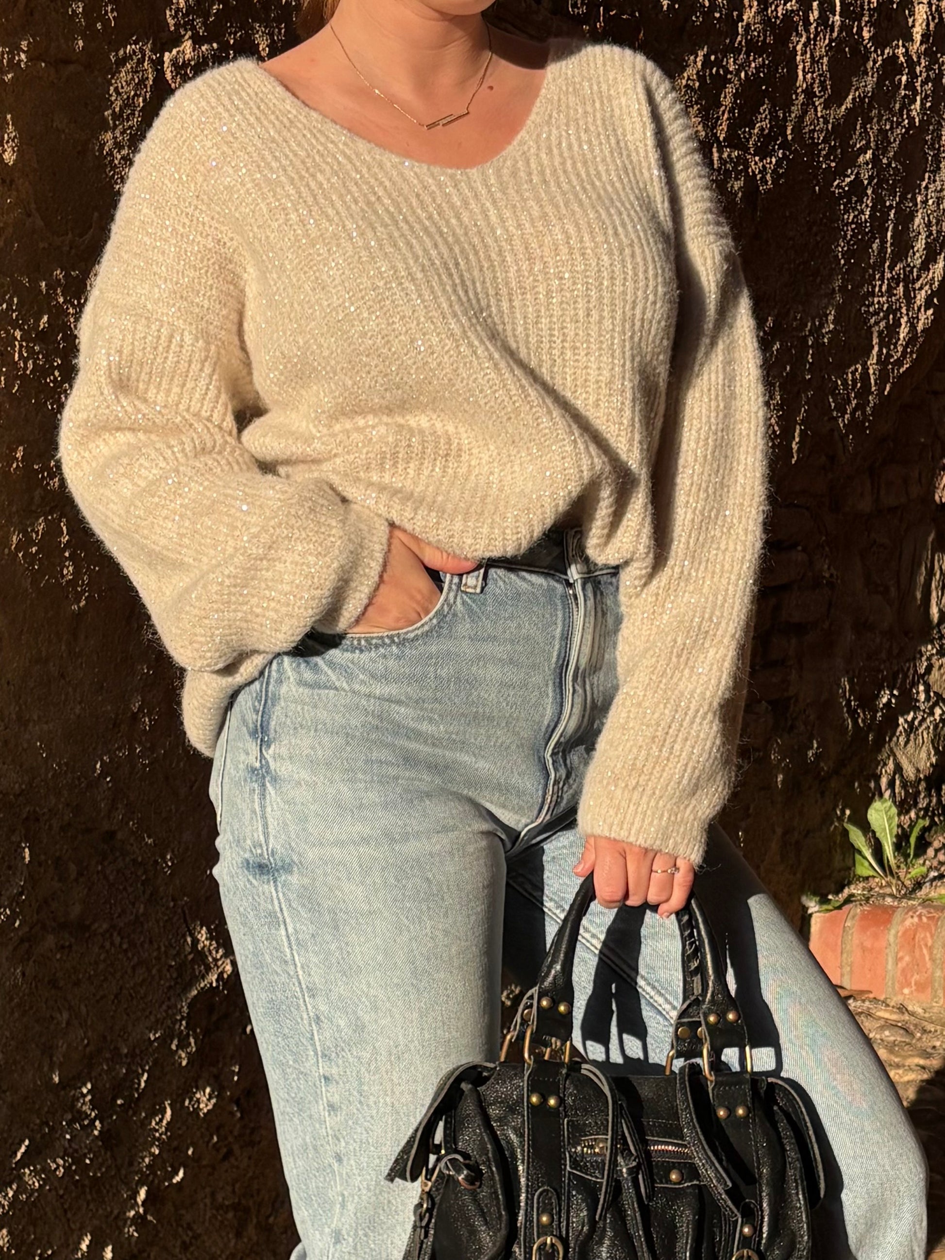 - Détails : Pull col en V avec des détails brillants
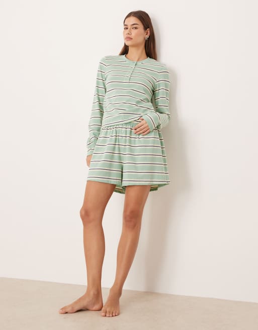 ASOS DESIGN mix & match pajama set in sage & blue stripes
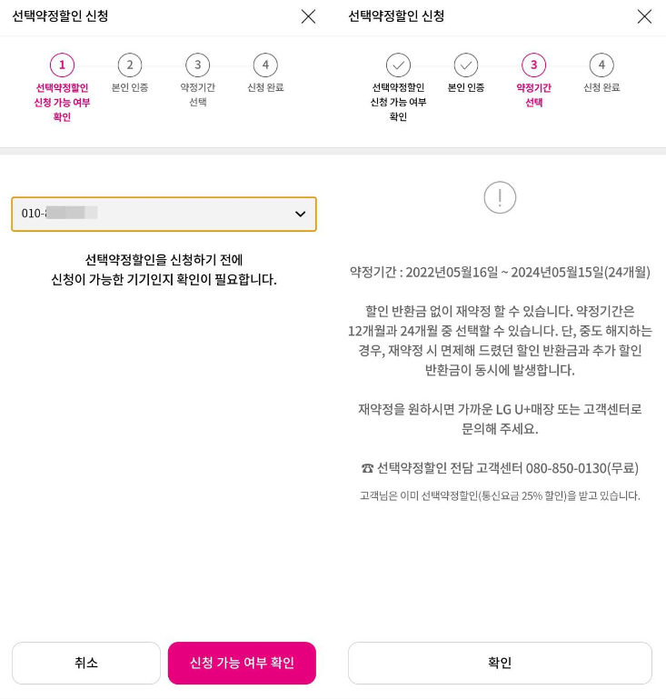 4. 본인의 전화번호를 선택하고 신청가능 여부확인을 누릅니다. 12개월과 24개월 중 본인에게 알맞는 약정기간을 설정하고 [확인] 버튼을 클릭해 마무리합니다.
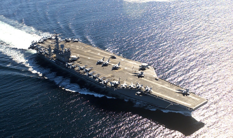| Tàu sân bay duy nhất Đô đốc Kuznetsov của Nga quá bé nhỏ và đơn độc khi so với 10 chiếc siêu tàu sân bay lớp Nimitz của Mỹ. |
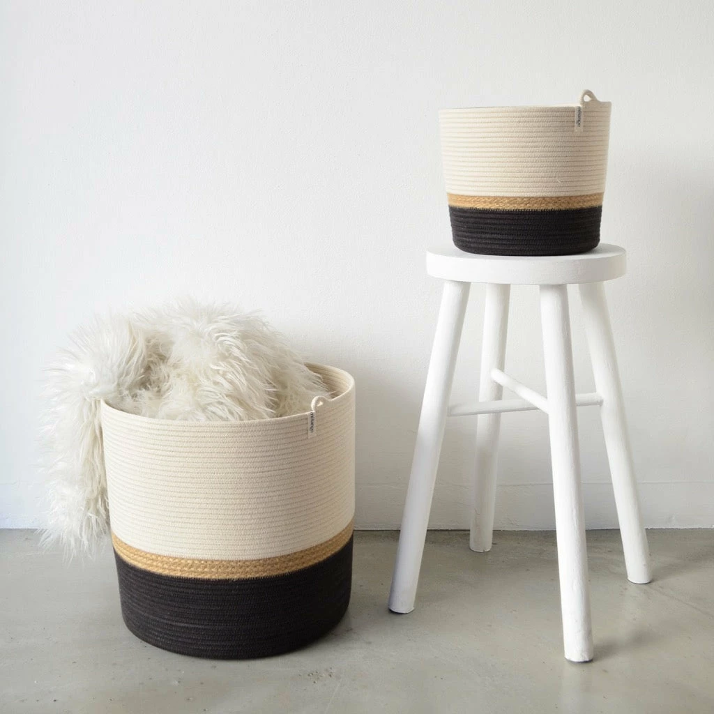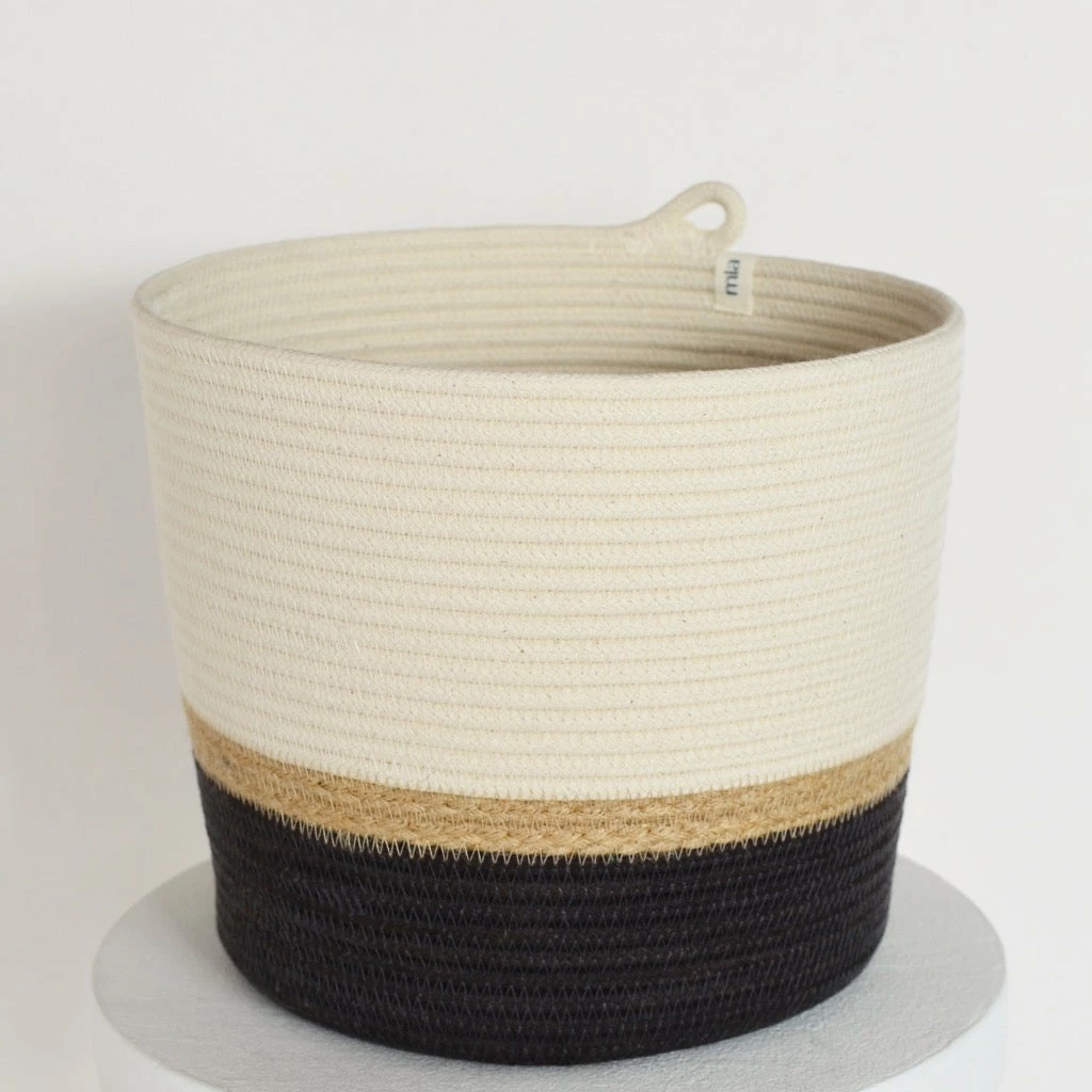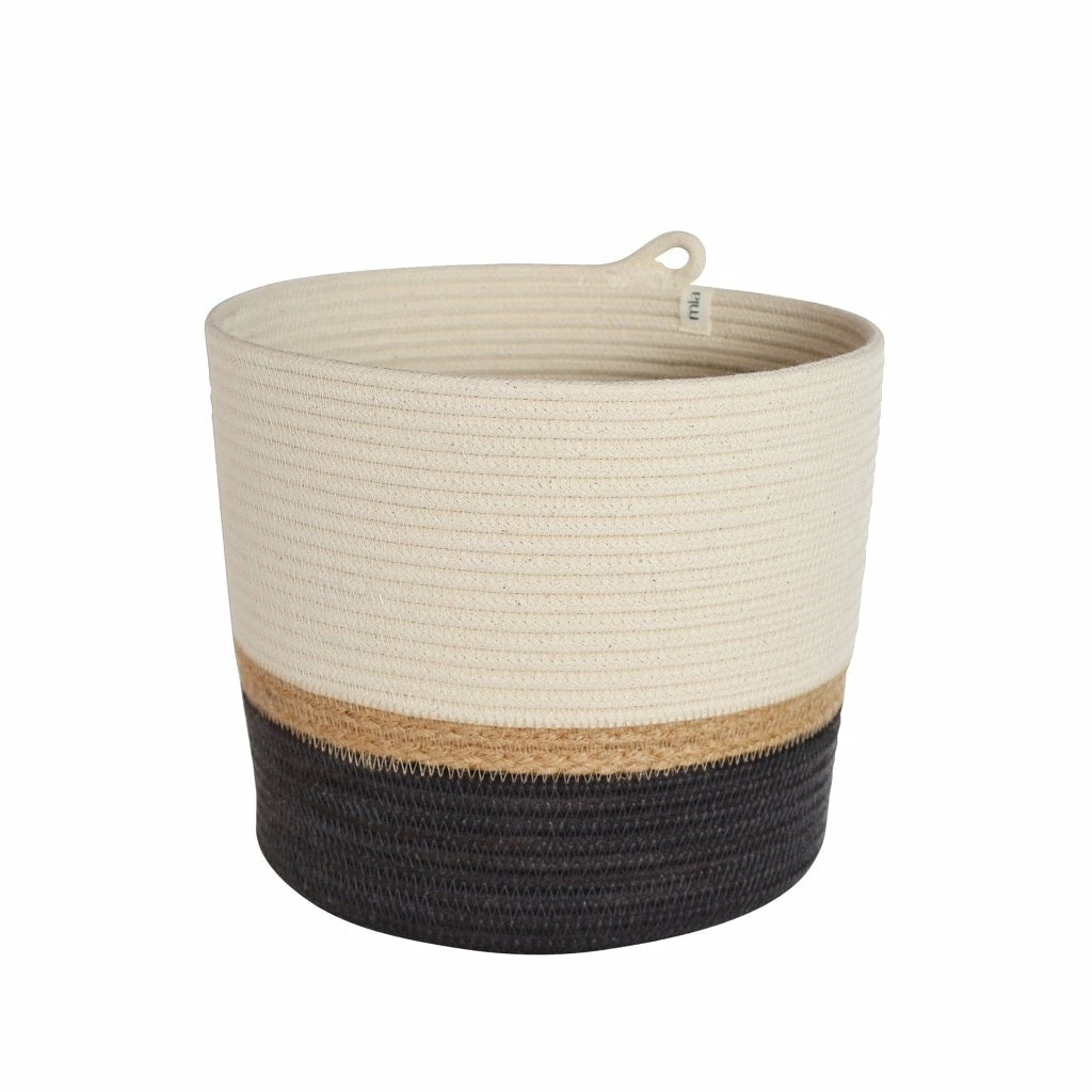 These Mia Mélange baskets are made from 100% cotton rope, combined with jute, which we carefully sew together in a coiling technique. The cotton is grown locally in South Africa by farmers who are members of the Better Cotton Initiative (BCI).

○ ○ ○ ○ ○ ○ ○

*Assigned task*
Excluding pictures, copy exactly the lines from the line containing "Nimitz của Mỹ. |" through the last line of the data, inclusive.

*Task result*
| Tàu sân bay duy nhất Đô đốc Kuznetsov của Nga quá bé nhỏ và đơn độc khi so với 10 chiếc siêu tàu sân bay lớp Nimitz của Mỹ. |
 These Mia Mélange baskets are made from 100% cotton rope, combined with jute, which we carefully sew together in a coiling technique. The cotton is grown locally in South Africa by farmers who are members of the Better Cotton Initiative (BCI).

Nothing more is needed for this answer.